[zeromq-dev] Important: backward incompatible changes for 0MQ/3.0!
Paul Colomiets
tailhook at yandex.ru
Sun Apr 3 15:22:54 CEST 2011
Hi Martin,
03.04.2011, 11:58, "Martin Sustrik" <sustrik at 250bpm.com>:
> Hi Paul,
>
>>> I would say the question is how can we improve reliability of 0mq (NB:
>>> not make it perfect, just improve it) without dragging all this madness in.
>> That was exacly my intention. May be I've not clear about that. I'm thinking
>> about API similar to posix shutdown. First we call:
>>
>> zmq_shutdown(sock, SHUT_RD)
>
> Ok. Couple of points:
>
> 1. Your proposal doesn't map to POSIX shutdown semantics. POSIX shutdown
> is a non-blocking operation, ie. it initiates a half-close and returns
> immediately. No more messages can be read/written.
>
Well I don't undrestand your point. Zeromq shutdown also must be
non-blocking. The documentation is actually a bit misleading. After
you call shutdown(s, SHUT_RD) you *can* read, up to the point
when shutdown called. It means everything already buffered will
be read, and you will read until 0 (zero) returned from read call.

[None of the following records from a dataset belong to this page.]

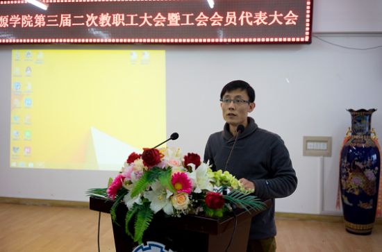 会议由太阳城网络赌博平台 党委书记田振辉主持,首先,由赵广播院长太阳城网络赌博平台 第三届二次教职工大会暨工会会员代表大会工作报告,对2014-2016年三年工作进行了全面的概括和总结,对学院近几年工作给予了高度的肯定,对学院2017年工作提出了殷切希望,表扬成绩的同时查摆问题,最后还为大家详细解读了学校人事制度改革制度,鼓励大家在科研、教学、管理水平上更上一层楼。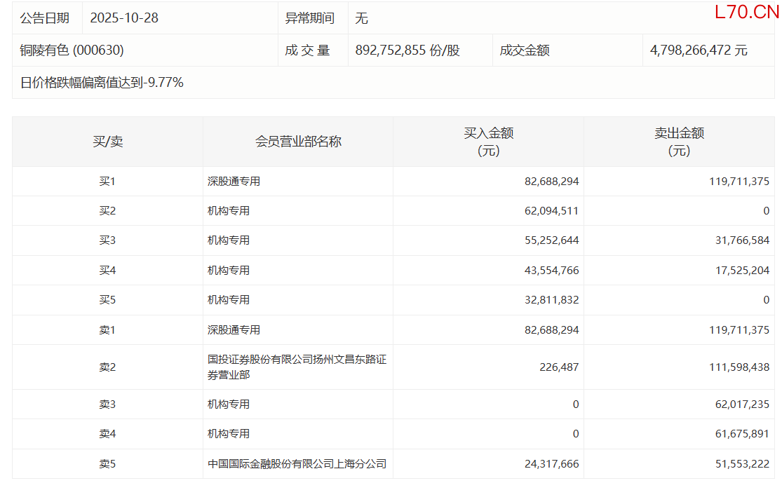 铜陵有色今日跌停,4家机构专用席位净买入1.44亿元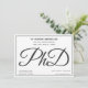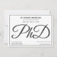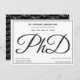 A PhD graduation party invitation in black, grey, and white. This invitation also has a pattern of the word PhD, in script, on the back.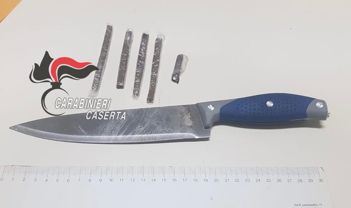 Nel corso della perquisizione personale, oltre al coltello della lunghezza di 32 cm, è stato trovato in possesso di 5 stecche di Hashish per un peso totale di 14,00 gr.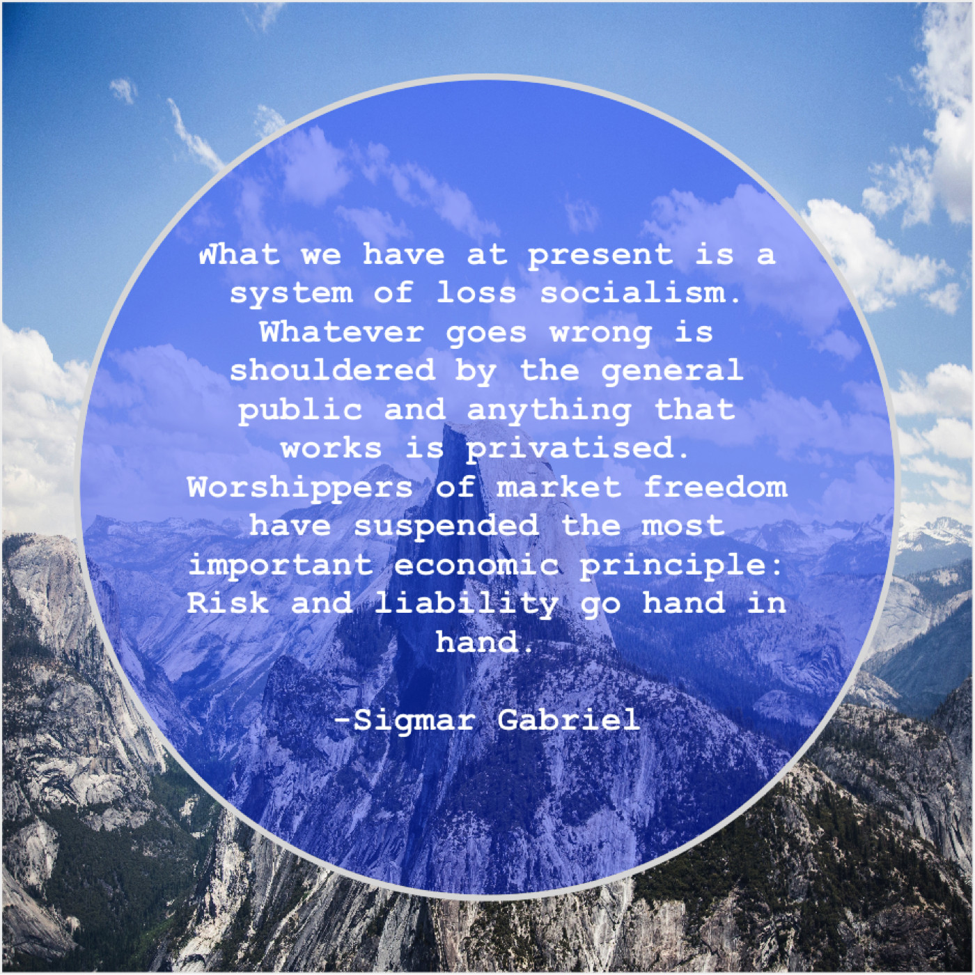 “What we have at present is a system of loss socialism. Whatever goes wrong is shouldered by the general public and anything that works is privatised. Worshippers of market freedom have suspended the most important economic principle: Risk and liability go hand in hand.”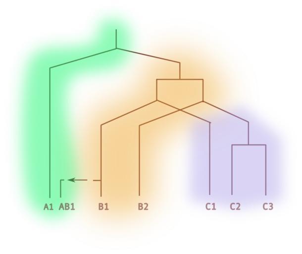 Keywords: Gene-homology.svg Die idealisierte Entwicklung eines Gens aus einer Urpopulation A in zwei neue Populationen B C Eine schräglinige Verzweigung stellt ein Artbildungsereignis eine horizontale Linie eine Genverdopplung dar Zwischen B und A findet außerdem horizontaler Gentransfer statt 2011-12-27 own Ayacop cc-zero Uploaded with UploadWizard Evolutionary biology |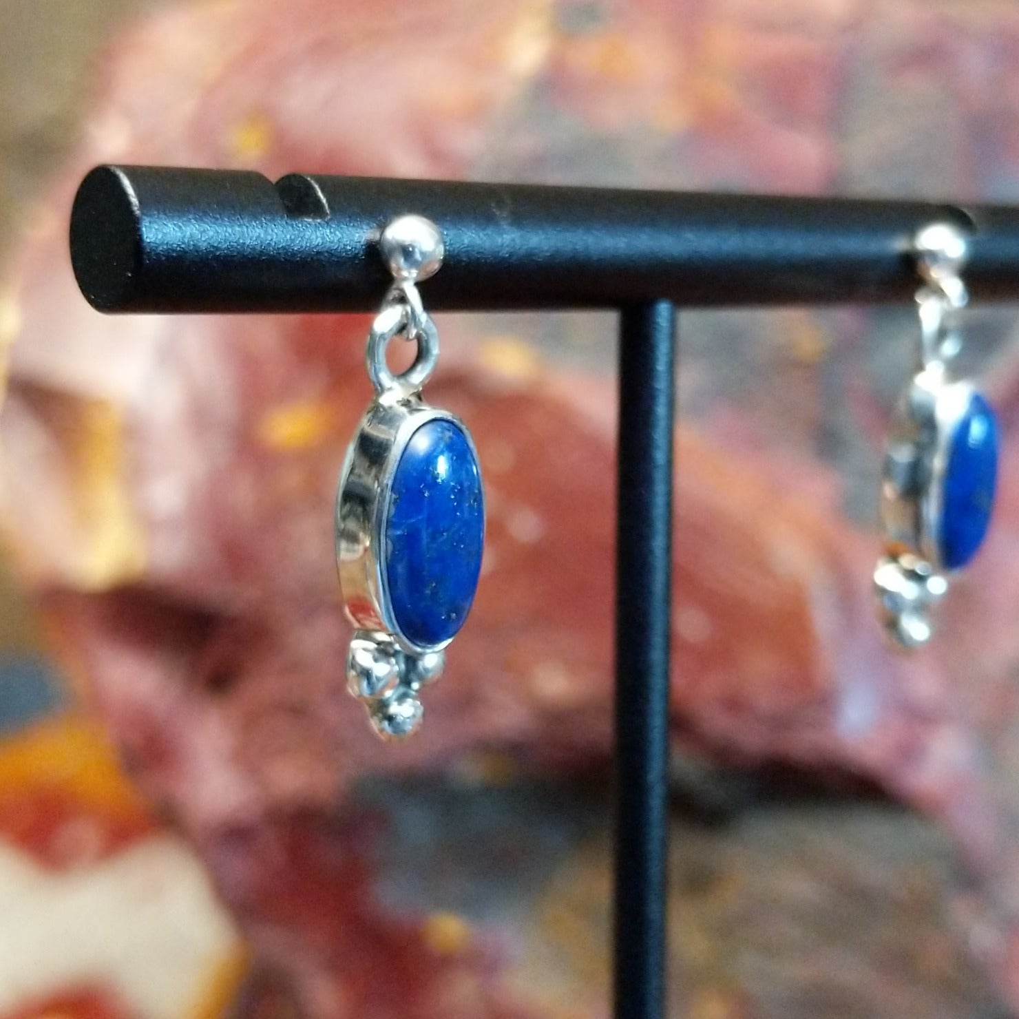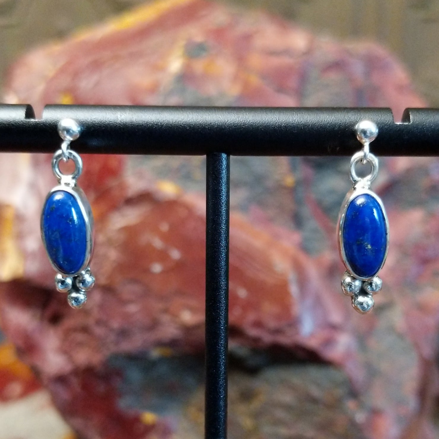 These Navajo post earrings feature deep blue lapis lazuli stones set within sterling silver bezels and framed by distinctive dotted metalwork. Crafted by artisan S.P., the design showcases secure post backs ideal for everyday wear.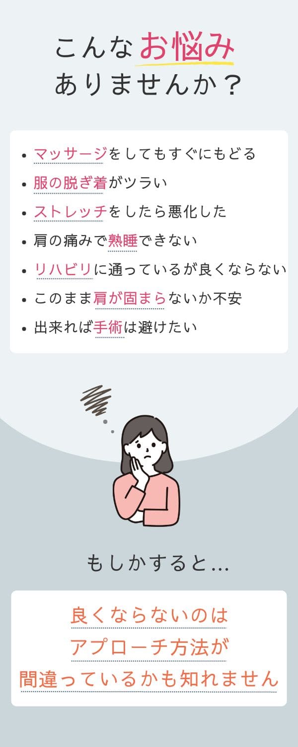 ストレッチをしても五十肩が改善しない理由は、次の通りです。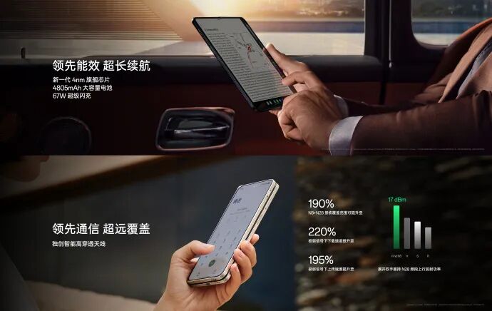 #OPPO Find N3#拥有超长续航,支持 67W 超级闪充;独创智能高穿透天线,大幅提升信号强度;独创多扬声器系统,横竖都是立体声。

> 2. The handshake with all the peers during the shutdown can take
> arbitrary long time and even cause a deadlock.
Probably yes. It's up to you, to use it. Many small application will
actually never care. Many huge applications will probably use failure
resistancy to overcome reconfiguration problem. But there are plenty
of others where you would stop entire system, when you add, remove
or replace a node from configuration if you have no chance to
shutdown socket cleanly. And time is not always very important.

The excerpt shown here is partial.